В школе жизни я был врожденным двоечником, но мне тоже хотелось переходить из класса в класс, а потому я разработал свою систему, знакомую каждому бездарю: на экзаменах нужно списывать правильный ответ у товарищей и делать вид, что решил все задания сам. Нередко этот нехитрый способ, еще более примитивный и недостойный, чем пользование шпаргалкой, оказывается вполне действенными. Экзамен сдан, двоечник переходит в следующий класс. Однако занятия здесь ведутся уже на новом уровне сложности, а ведь бедняга не понял и более простого материала. Он сидит на уроках, вроде бы слушает учителя, но уразуметь ничего не может. Перед несчастным тупицей два пути: либо махнуть на все рукой и пропадать, либо прикидываться и дальше, будто наука дается тебе. Выбор определяется даже не тем, сколько мужества и сколько слабости в тебя заложено природой, а тем, какого свойства эти мужество и слабость. Каждое из решений может объясняться и первым из этих качеств, и вторым; и в любом случае присутствует неистребимое, почти поэтическое пристрастие к праздности.
Однажды возле школьного забора я догнал группу одноклассников, громко обсуждавших последнюю сплетню: один из наших соучеников (его поблизости не было) якобы влюбился в кондукторшу автобуса, на котором ездил в гимназию. Затем разговор принял более общий характер – можно ли найти что-либо привлекательное в женщине, работающей кондуктором? И тогда я нарочито небрежным тоном, деля слова, произнес:
– А как же форма? Она так облегает тело…
Разумеется, прелести автобусной кондукторши меня совершенно не интересовали. Я сказал про форму по аналогии, к тому же мне, как всякому подростку, хотелось казаться взрослее, циничнее и искушеннее, чем я был на самом деле.

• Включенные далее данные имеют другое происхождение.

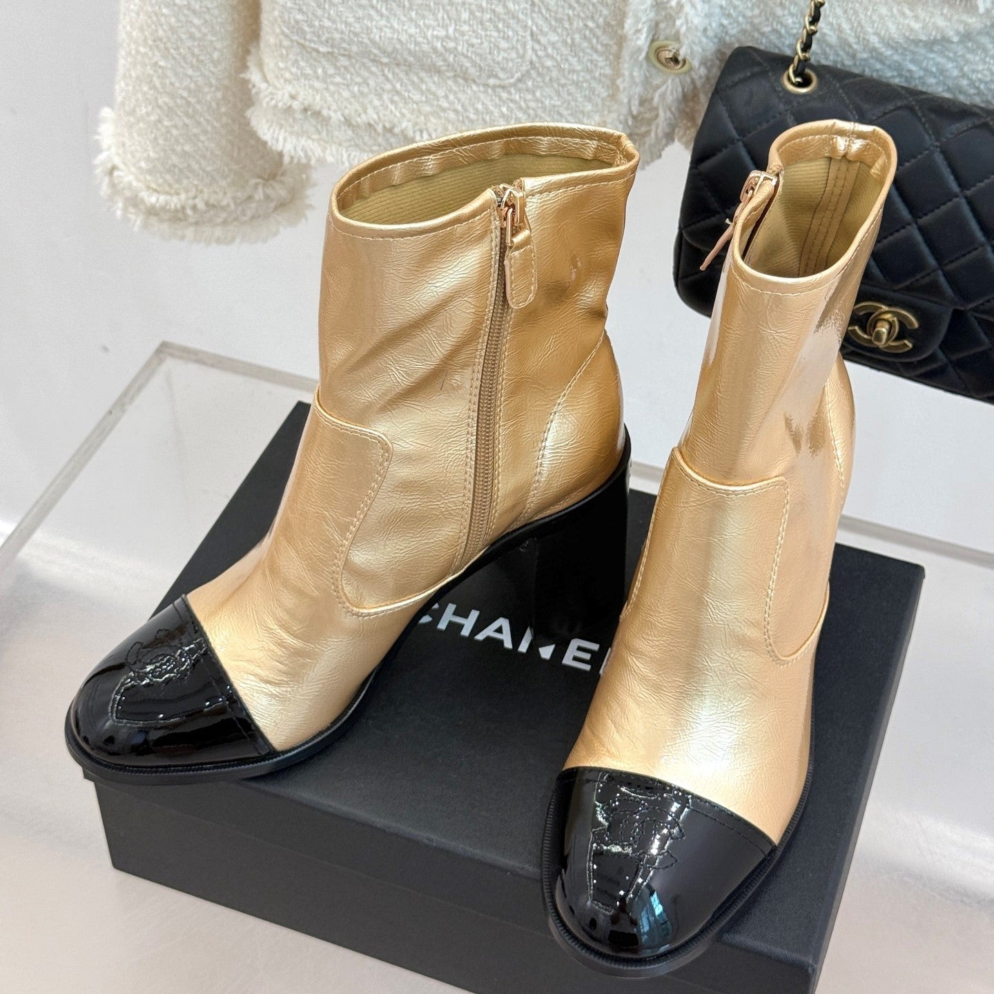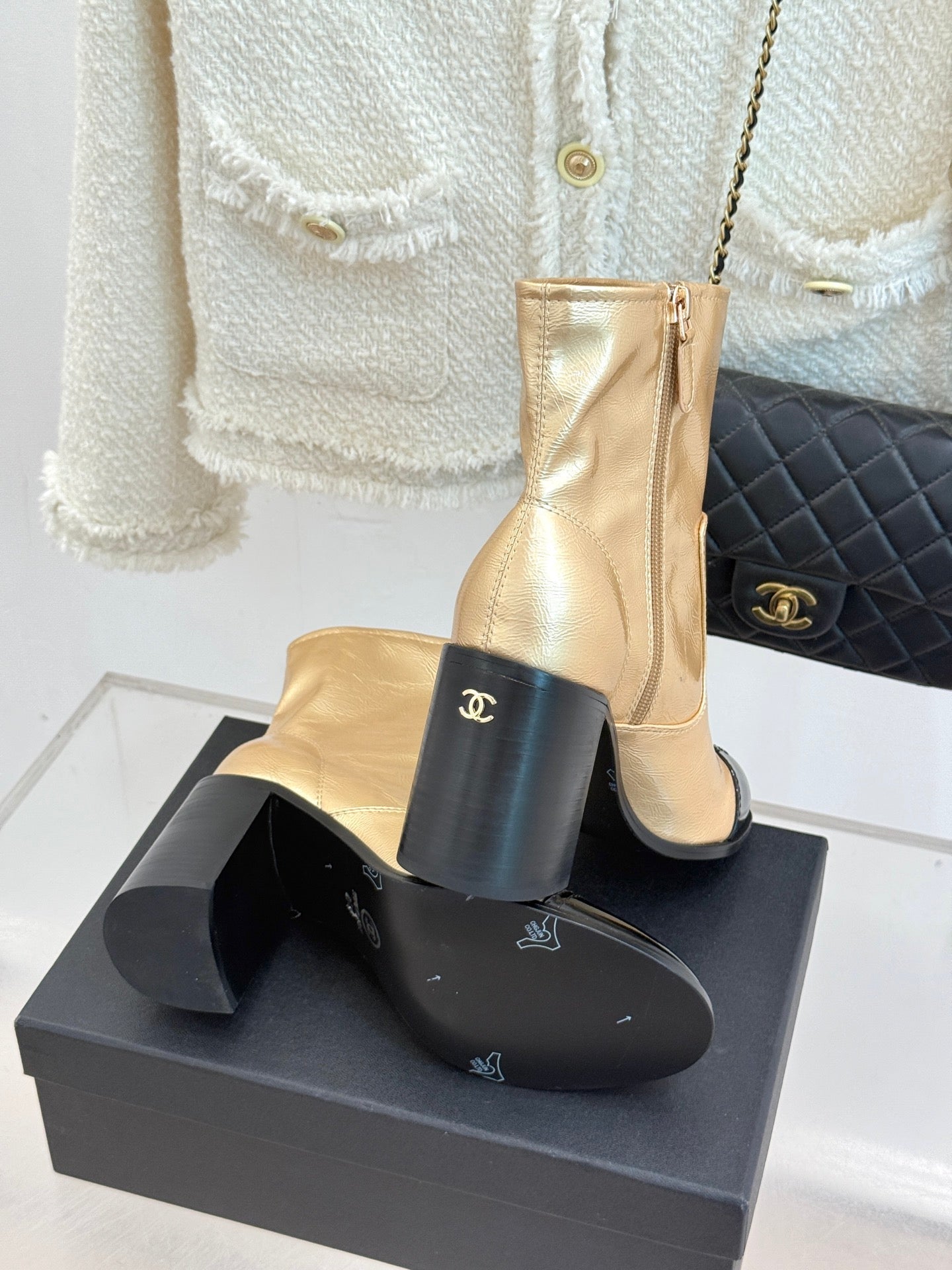 CC Classic Short Boots Block Heel 90mm Gold Metalic Calfskin 465388

Эффект моих слов превзошел все ожидания – ведь компания состояла сплошь из одних отличников, мальчиков тихих и благовоспитанных. Послышались реплики такого рода:
– Ну ты и типчик!
– Сразу видно, что ты по этой части мастак!
– Какой же ты бесстыжий!
Наблюдая за бурной реакцией своих невинных товарищей, я думал, что лекарство оказалось чересчур сильнодействующим. Наверное, следовало произнести эти слова иным тоном, не так вызывающе – получилось бы куда солиднее. Надо быть хитрее.

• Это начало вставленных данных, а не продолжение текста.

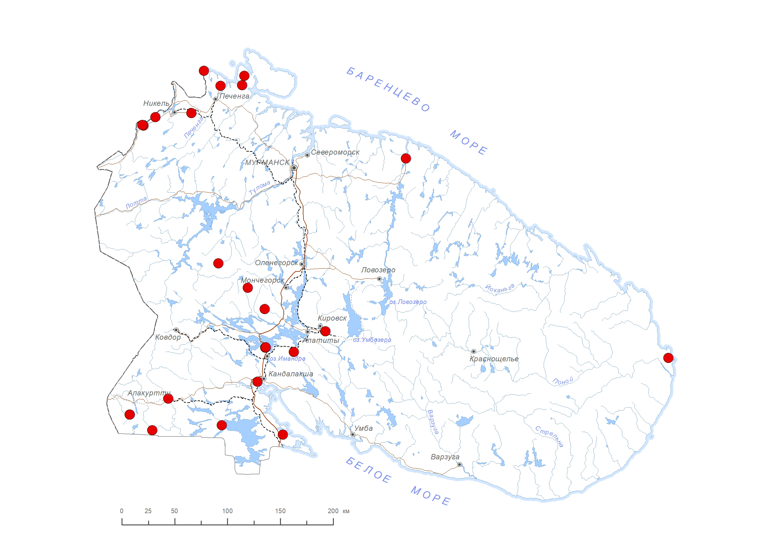 Представлен на территории Лапландского заповедника, заповедника «Пасвик», природных парков «Полуострова Рыбачий и Средний», «Кораблекк», заказников «Лапландский лес», «Кайта» и «Кутса». Указан для памятника природы «Айкуайвенчорр» [14].
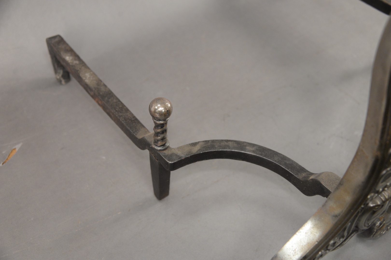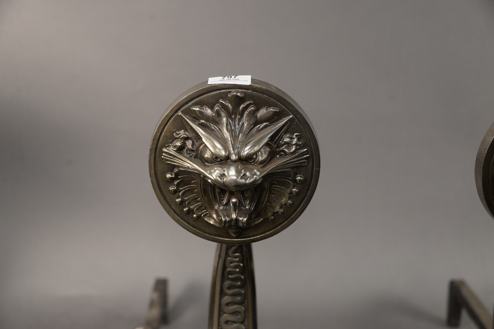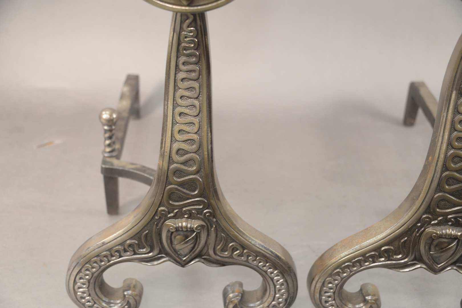 Pair of Iron Andirons with Lion Faces, height 24 inches.

Когда пятнадцатилетний подросток чувствует, что его внутренний мир устроен иначе, чем у сверстников, ему очень легко впасть в заблуждение – решить, что он взрослее и умнее, а потому и мыслит по-другому. На самом деле это не так. Просто моя тревога, моя неуверенность заставили меня раньше других задуматься над устройством своего сознания. Причем самокопание порождало в моей душе лишь хаос, и дальше нелепых догадок дело не шло. Стефан Цвейг пишет: «Дьявольское начало есть в каждом человеке; это беспокойство, побуждающее нас вырваться за пределы своего «я», стремиться к бесконечному… Словно сама природа почерпнула из недр древнего хаоса неистребимый ген непокоя и заразила им нашу душу». Этот «ген непокоя» вносит в нашу жизнь напряжение, вселяет в нас «жажду сверхчеловеческого, сверхчувственного». Пока же сознанию отводится роль разъяснения и примечания к чему-то главному, человек может обходиться и без сознания.
Итак, тело кондукторши не таило для меня ни малейшего соблазна, но с помощью знакомой аналогии и небольшой хитрости я добился того, что заставил своих товарищей покраснеть от стыда, а втайне испытать столь свойственное их возрасту эротическое возбуждение. Когда я понял это, меня пронзило мстительное ощущение своего над ними превосходства.
Но мысль моя на этом не остановилась и увела меня дальше, к серьезному заблуждению. Чувство превосходства тешило меня недолго и оказало дурную услугу. Я рассуждал следующим образом.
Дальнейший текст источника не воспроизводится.